Contra Isner en la final, Federer ya no tenía motivos para conservar su energía; su próximo partido estaba a más de un mes. Así que eligió recibir el servicio después de ganar el sorteo, aparentemente preparado para salir corriendo de los bloques y enfrentarse al arma más grande en el juego masculino, el servicio de Isner, de frente. El primer juego del partido, donde Federer fue nítido con su enfoque e intensidad, mostró cada una de las habilidades de su libro de jugadas: la capacidad de obtener grandes ganancias nuevamente en juego, la capacidad de atacar y defender con el mismo entusiasmo, la habilidad de tirar el gatillo en el momento adecuado.

El mensaje fue claro. Si Isner quisiera ganar su segundo trofeo consecutivo de Miami, tendría que encontrar una manera de contrarrestar a Federer, que fluye, se inclina a toda velocidad y lanza el fregadero de la cocina.

Al final resultó que, el suizo no tuvo que esforzarse demasiado para conseguir la victoria. Después de romperse hasta tres veces en el primer set, Isner se lastimó el pie a la mitad del segundo y solo pudo llegar cojeando hasta la línea de meta.

El final fue un poco difícil de ver, ya que Isner se negó valientemente a retirarse, haciendo todo lo posible para darle a Federer una victoria ‘completa’, pero no atenuó la incandescencia de ese primer set que desafió las creencias. Federer siempre ha sido conocido por su habilidad para manejar grandes servidores, pero romper a Isner tres veces en un set fue anormal incluso para sus asombrosos estándares.

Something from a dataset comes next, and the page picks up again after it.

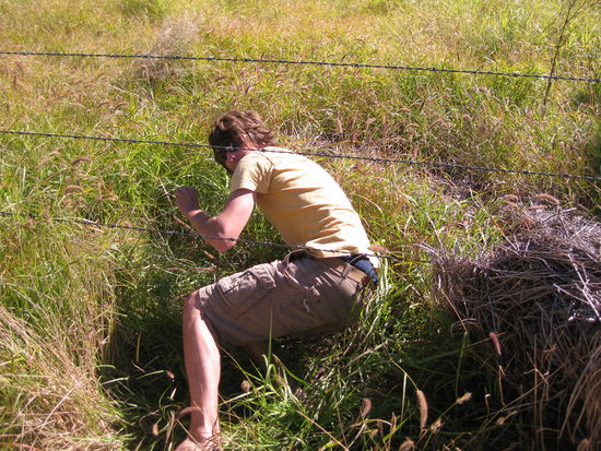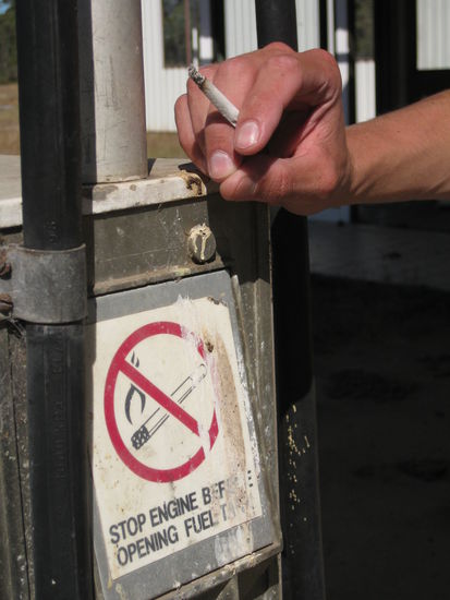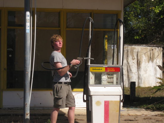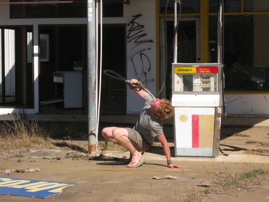 Tja und ein paar Tausend Kilometer weiter fanden wir dann eine noch trostlosere, so halb still gelegte Tankstelle, die durch einen gekonnten Schritt durch den Stacheldrahtzaun erreicht werden konnte. Hinter diesem Zaun befand sich das Paradies eines jeden Tankstellengeruch-Fetischisten wie mir: Zapfsaeulen ohne Ende und ein verlassenes, halb-zerfallenes Wohnhaus mit sehr interessanten Ecken und Reliquien dahinter. War wirklich aegerlich, dass wir erst nach dem Benzin-Bad gemerkt haben, dass die ganze Tankstelle von trockenem, huefthohen Steppengras umgeben war und wir einen staatenweiten Buschbrand ausgeloest haben. Wir wollten das aber ehrlich nicht!
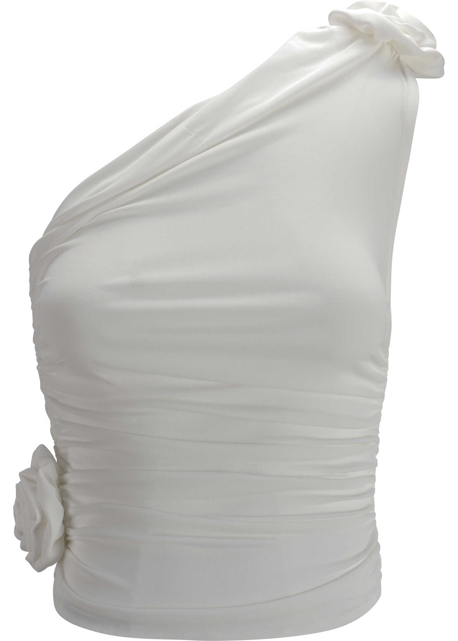 Top by Magda Butrym, one-shoulder design, ruched ruffle effect details on side panels, 3D pink applique detail on shoulder and side panel, monochrome pattern, slim fit.

“Roger también estaba cerca, simplemente reaccionando muy bien y muy rápido a mi servicio. Quiero decir, él es otra cosa ”, dijo Isner después del partido, aparentemente tan perdido para las palabras como el resto de nosotros en el regreso sobrenatural de Federer.

¿Habría sido posible algo de esa magia de las finales si Federer no hubiera jugado su tenis más eficiente desde 2017 en las primeras cinco rondas? La historia del ocaso de la carrera de Federer ha sido a menudo sobre el momento “casi allí”; Juega un tenis brillante durante algunos partidos, pero termina gastando demasiada energía en el proceso y tropieza cuando se encuentra con un oponente de calidad de más. En ese contexto, su carrera en Miami fue diferente, y tal vez incluso una señal de otro paso en su evolución como jugador, una evolución que aparentemente no tiene fin.

“Por supuesto que te sientes afortunado cuando llegas hasta el final del evento y puedes sentarte aquí con el trofeo. Definitivamente es un momento que aprecias mucho, porque sabes que podría haber resultado muy diferente ”, dijo Federer después del partido. Y cosas tengo estado resultando diferente, como vimos hace un par de semanas en Indian Wells, donde perdió ante Dominic Thiem en la final a pesar de jugar algunos de sus mejores tenis en el período previo al partido.

¿Fue una buena suerte, como dijo Federer, que se las arreglara para mantener el rumbo hasta el final en Miami? ¿O fue una mejor planificación y ejecución?

Si hay algo que Federer ha conservado a través de todos los altibajos, en su mayoría altibajos, en su carrera, es su pragmatismo. Nunca deja de mirar el panorama general, incluso si acaba de jugar un torneo magistral que debería servir como modelo de gestión de la carga de trabajo para todos los jugadores de tenis de todas las edades. Podría haber hecho todo bien y aun así quedarse corto en el último obstáculo; un disparo podría haber aterrizado de una pulgada de ancho, un retorno podría haber caído unos milímetros, una cuerda de red podría haber ido en su contra.

Que ninguna de esas cosas pasó es un pedazo de buena fortuna, incluso si eres Roger, maldito Federer. Pero, por supuesto, esperaría que su cerebro reconociera eso y reaccionara con el nivel apropiado de aplomo. Después de todo, ese cerebro nunca deja de trabajar para encontrar la manera perfecta de lidiar con todo.